Jobs, Ritchie, and McCarthy were technologists, but deeply different ones.

The adoption of a new technology in recent times goes through three distinct phases, typified by the ‘rainbow', ‘toy', and ‘light-bulb'. In the first phase the laity is “wowed” by the technology; but it still remains distant, like a rainbow in the sky. Then, if the drivers are right, the technology becomes a toy; masses have it in their hands, to be played with and gushed about. And then, if it is truly a game changer, the technology comes to be seen as a light-bulb. We press a switch and then, as if in Biblical epiphany, there is light.
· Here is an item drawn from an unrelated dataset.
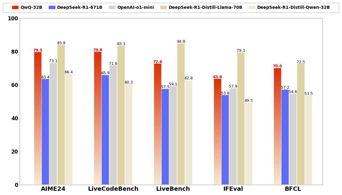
 ``` import matplotlib.pyplot as plt import numpy as np from matplotlib.patches import Rectangle from matplotlib.ticker import FixedLocator, FixedFormatter # 数据 models = ['QwQ-32B', 'DeepSeek-R1-671B', 'OpenAI-o1-mini', 'DeepSeek-R1-Distill-Llama-70B', 'DeepSeek-R1-Distill-Qwen-32B'] benchmarks = ['AIME24', 'LiveCodeBench', 'LiveBench', 'IFEval', 'BFCL'] data = [ [79.5, 79.8, 72.6, 63.6, 70.0], [63.4, 65.9, 57.5, 53.8, 57.2], [73.1, 71.6, 59.1, 57.9, 54.6], [83.9, 83.3, 84.8, 79.3, 72.5], [66.4, 60.3, 62.8, 49.3, 53.5] ] # 颜色值 colors = ['#dd3005', '#5c6bf8', '#d3d3d3', '#ded1a2', '#efead3'] # 创建图表 fig, ax = plt.subplots(figsize=(12, 8)) # 设置图表尺寸为 12 英寸宽、8 英寸高 # ==================== 可调节参数 ==================== legend_y_offset = 1.15 # 控制图例垂直位置(越大距离柱状图越远) legend_shift = -0.05 # 控制图例和矩形框整体下移的距离(负值表示下移) rect_padding = 0.02 # 矩形框内边距 rect_linewidth = 1.5 # 矩形框线宽 rect_color = '#d3d3d3' # 矩形框颜色(浅灰色) # 自定义空白长度(单位为英寸) top_margin_inch = 1.5 # 图表顶部留白 bottom_margin_inch = 1.0 # 图表底部留白 left_margin_inch = 1.0 # 图表左侧留白 right_margin_inch = 1.0 # 图表右侧留白 # 获取当前图表的总宽度和高度(单位为英寸) fig_width_inch, fig_height_inch = fig.get_size_inches() # 计算比例 top_margin_ratio = top_margin_inch / fig_height_inch bottom_margin_ratio = bottom_margin_inch / fig_height_inch left_margin_ratio = left_margin_inch / fig_width_inch right_margin_ratio = right_margin_inch / fig_width_inch # 自定义 y 轴范围 y_min = 0 # y 轴最小值 y_max = 100 # y 轴最大值 # ================================================== width = 0.12 gap_within_group = 0.01 gap_between_groups = 0.15 x = range(len(benchmarks)) offset = 0.15 # 计算 x 轴范围 left_edge = -offset right_edge = len(benchmarks) - 1 + 2 * offset + gap_between_groups * (len(benchmarks) - 1) ax.set_xlim(left_edge, right_edge) # 定义渐变色函数 def gradient_color(height, color_top="#dd3005", color_bottom="#f8e9d0"): gradient = np.linspace(0, 1, 256).reshape(-1, 1) gradient = np.hstack((gradient, gradient)) cmap = plt.cm.colors.LinearSegmentedColormap.from_list("gradient", [color_bottom, color_top]) return cmap(gradient) # 绘制柱状图 for i in range(len(models)): positions = [xi + offset + (width + gap_within_group) * i for xi in x] if i == 0: for j, pos in enumerate(positions): height = data[i][j] ax.imshow(gradient_color(height), extent=[pos - width / 2, pos + width / 2, 0, height], aspect="auto", origin="lower") else: ax.bar(positions, data[i], width, color=colors[i]) for j, pos in enumerate(positions): height = data[i][j] ax.text(pos, height, '%.1f' % data[i][j], ha='center', va='bottom', fontsize=9, color='red' if i == 0 else 'black', fontweight='bold' if i == 0 else 'normal') # 设置轴标签和样式 ax.set_xticks([p + offset + (width + gap_within_group) * (len(models) - 1) / 2 for p in x]) ax.set_xticklabels(benchmarks, fontsize=14, fontweight='bold') # ax.set_ylabel('Scores', fontsize=14, fontweight='bold') # 设置 y 轴范围 ax.set_ylim(y_min, y_max) # 设置 y 轴数字加粗 y_ticks = ax.get_yticks() # 获取当前 y 轴刻度值 y_tick_labels = [f'{int(tick)}' for tick in y_ticks] # 格式化刻度标签 # 使用 FixedLocator 和 FixedFormatter ax.yaxis.set_major_locator(FixedLocator(y_ticks)) # 设置刻度位置 ax.yaxis.set_major_formatter(FixedFormatter(y_tick_labels)) # 设置刻度标签 for label in ax.get_yticklabels(): label.set_fontsize(12) # 设置字体大小 label.set_fontweight('bold') # 设置字体加粗 for spine in ax.spines.values(): spine.set_color('#d3d3d3') spine.set_linewidth(2.0) ax.tick_params(axis='both', which='both', length=0) # 创建图例并设置文本加粗 legend_elements = [Rectangle((0, 0), 1, 1, color=c, label=m) for m, c in zip(models, colors)] legend = ax.legend(handles=legend_elements, loc='upper center', bbox_to_anchor=(0.5, legend_y_offset + legend_shift), # 放置在柱状图上方 ncol=len(models), fontsize=10, prop={'weight': 'bold'}, # 设置图例文本加粗 frameon=False, columnspacing=1.5, # 增大列间距以均匀分布 handletextpad=0.5, # 图例标记与文本之间的间距 handlelength=1.5) # 图例标记长度 # 获取图例的边界框 fig.canvas.draw() legend_bbox = legend.get_tightbbox(fig.canvas.get_renderer()) legend_bbox = legend_bbox.transformed(fig.transFigure.inverted()) # 动态计算矩形框的宽度和高度 rect_x = 0.5 - (legend_bbox.width / 2 + rect_padding) # 水平居中 rect_width = legend_bbox.width + 2 * rect_padding # 矩形框宽度 rect_y = legend_bbox.ymin - legend_bbox.height-2.5*rect_padding # 垂直居中 rect_height = 2 * rect_padding # 矩形框高度 # 绘制矩形框 rect = Rectangle((rect_x, rect_y), rect_width, rect_height, transform=fig.transFigure, edgecolor=rect_color, # 浅灰色 facecolor='none', linewidth=rect_linewidth, # 加粗 clip_on=False) fig.patches.append(rect) # 自定义左右上下留白距离 plt.subplots_adjust( top=1 - top_margin_ratio, # 上方留白 bottom=bottom_margin_ratio, # 下方留白 left=left_margin_ratio, # 左侧留白 right=1 - right_margin_ratio # 右侧留白 ) # 保存为 1200x800 像素的 PNG 图片 plt.savefig('1.png', dpi=100, bbox_inches='tight') # 设置 dpi=100,确保分辨率为 1200x800 # 如果需要展示图表,可以保留下面这行代码(存在bug---show和savefig生成图片不一致,我这里确保savefig是对的) # plt.show() ```

More than a century of perfecting the generation and transmission of electricity boils down to the flick of a finger that turns the light-bulb on. The technology becomes transparent. We take it for granted.

Level of transparency

In the long run, the level of transparency is one of the better tests of a technology's impact. Today, the technologies of McCarthy and Ritchie are closer to the light-bulb than Jobs'. If Jobs' had the additional decades McCarthy and Ritchie lived, maybe he would have been closer too.

The epitaphs of October 2011 are about what has been, and what might have been.

(The author is a practitioner, researcher and teacher in the computing disciplines.)